Is This the Real Life?

Fairy-Tale Files, published once weekly, feature three variations of a fairy tale chosen by one of Fairy Tale Review’s editors, readers, editorial assistants, or contributors.


Blood from a severed head turns to jewels in the Indo-Pakistani fairy tale “Jackal or Tiger?” and bringing these sacrificial jewels to the king saves Ameer Ali from certain execution. The twist is that Ameer Ali is the king’s estranged son, banished in utero years before when the royal couple argues over which creature they hear howling a fearsome howl. The guards called in to adjudicate, valuing their own self-preservation, side with the king. It’s a clear case of alternative facts over objective reality, and the pregnant queen is put on the next palanquin to the forest.


The late 20th century Canadian art collective General Idea highlighted pop culture’s “feedback loop” by occupying the ironies and inanities by which art and life imitate each other.

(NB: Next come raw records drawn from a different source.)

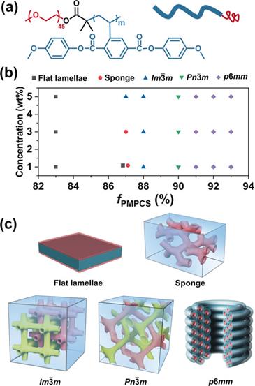 两亲性嵌段共聚物在近几十年来已经被广泛研究。在两亲性嵌段共聚物的组装中,疏水相互作用是最主要的作用力之一,可以被嵌段共聚物的浓度和形状、水含量、溶剂的性质、温度等多种因素影响。在溶液组装中,堆积参数P可以用来定性描述以上影响因素的一个综合作用(P = V/(a0lc),V和lc分别代表疏水段的体积和长度,a0代表亲水段截面面积)。随着P的增大,两亲性嵌段共聚物可以组装成囊泡、胶束、片层状结构、聚合物立方晶等多种结构。有着三维周期最小表面的聚合物立方晶和脂质自组装中的立方晶非常相似,都是在三维周期最小表面中含有两个互相穿插互不连接的连续网络。最近,聚合物立方晶在一些嵌段共聚物体系中也开始有报道出现。在聚合物立方晶形成的时候,P通常大于1。与脂质组装的立方晶对比,聚合物立方晶有着更大的周期尺寸,可以被应用到纳米模板、生化反应器、药物传输等多个领域。但是,到目前为止,溶剂、聚合物的几何结构、浓度等因素是如何影响聚合物立方晶的形成的,仍然没有被研究清楚。聚{2,5-二[(4-甲氧基苯基)氧羰基]苯乙烯}(PMPCS)是典型的甲壳型液晶高分子,在本体和溶液中都会采取伸直的链构象。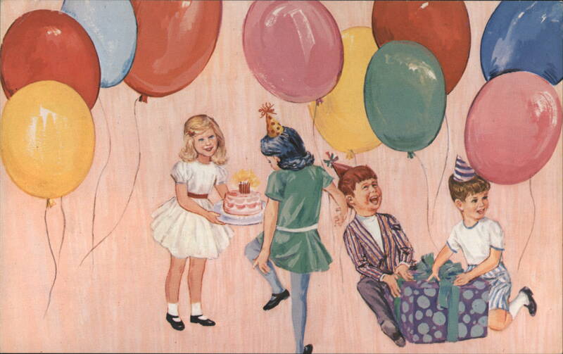 Children's Birthday Party with Cake, Gifts, and Balloons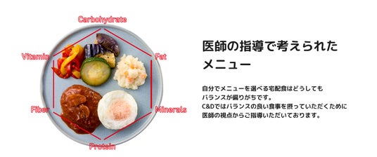 このたび、9月1日より「KITCHEN C&D」のサービスを展開いたしました。「KITCHEN C&D」は、「便利でおいしく健康的」をコンセプトに、専門医お墨付きのレシピにシェフの視点を取り入れた、栄養とおいしさを両立する冷凍宅配弁当です。健康を気遣いながらも、食事の楽しみは妥協したくない。そんな想いに応えるため、健康とおいしさの各専門家が手を取り合って生まれました。電子レンジで温めるだけの簡単さに加え、全コース1食842円のお手頃価格。さらに、糖質・塩分・たんぱく質など、ご自身の健康で気になるポイントに合わせてお好みのメニューを選べるだけでなく、食数や配送頻度も選択できるため、ライフスタイルに合わせて無理なく続けられる仕組みになっています。

Christian Viveros-Fauné labels these conceptual artists “pioneers of fake news” in his review of their retrospective “Fear Management,” currently showing at Museo Jumex in Mexico City. “Their lesson couldn’t be more timely,” asserts Viveros-Fauné: “if you can picture it, name it, or, better yet, draw it funny on a placard, the act turns even the greatest injustices into a rallying cry.” Assuming, of course, that we can still appreciate satire.

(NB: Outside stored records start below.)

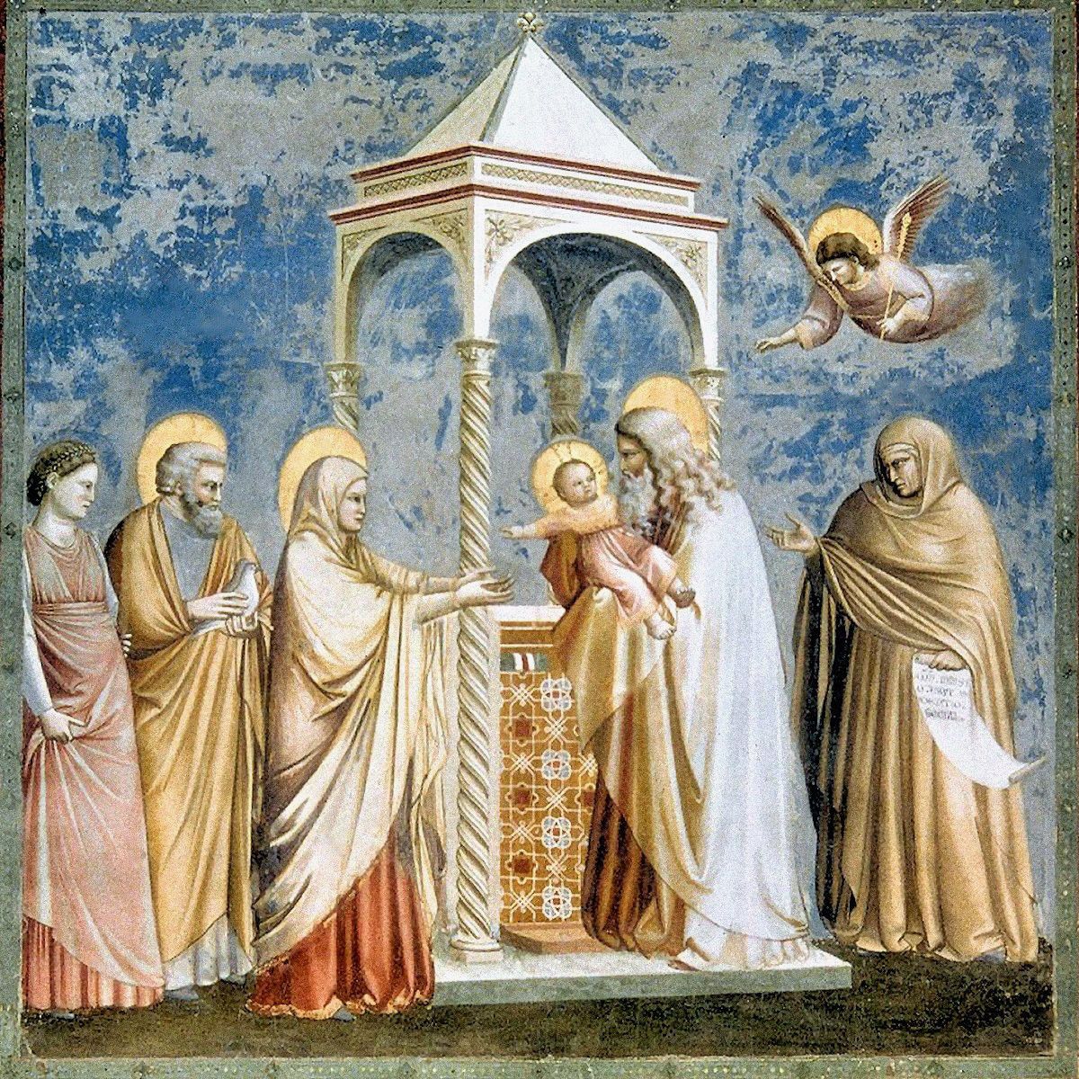 moment où Marie et Joseph présentent l’enfant Jésus au vieillard Siméon,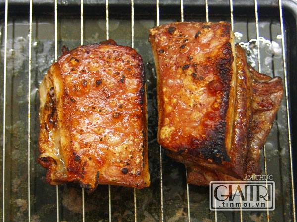 - Khi nướng không cần lật mặt thịt, phần bì nổ hết là thịt chín.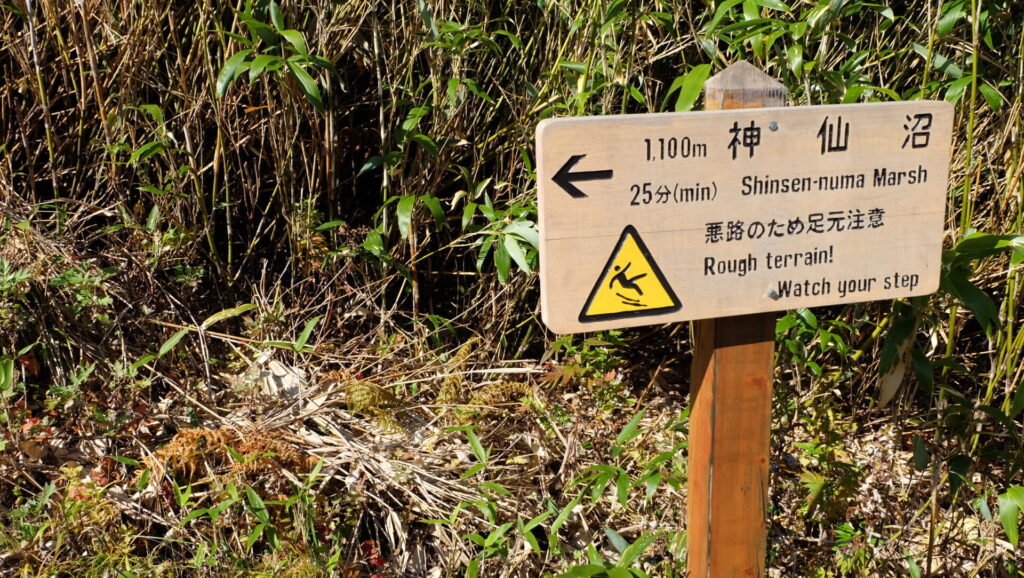 ▼「神仙沼」への案内看板。案内版に反して道は非常に良い。サンダルでも可。

Within our culture’s feedback loop—in this case, a comedy sketch—Maya Rudolph plays a vacuous Melania Trump shilling for her fictional brand of edible diamonds. Though a photo of Mrs. Trump herself twirling a forkful of these jewels appeared in GQ shortly before Rudolph’s sketch, it reappeared recently as the much-maligned February 2017 cover of Vanity Fair Mexico. It’s not the first time diamonds have been used to portray socialites, even if Mrs. Trump’s voluntary pose raises questions about the image’s satiric potential. Can a gesture, like the song says, “mean everything and nothing”?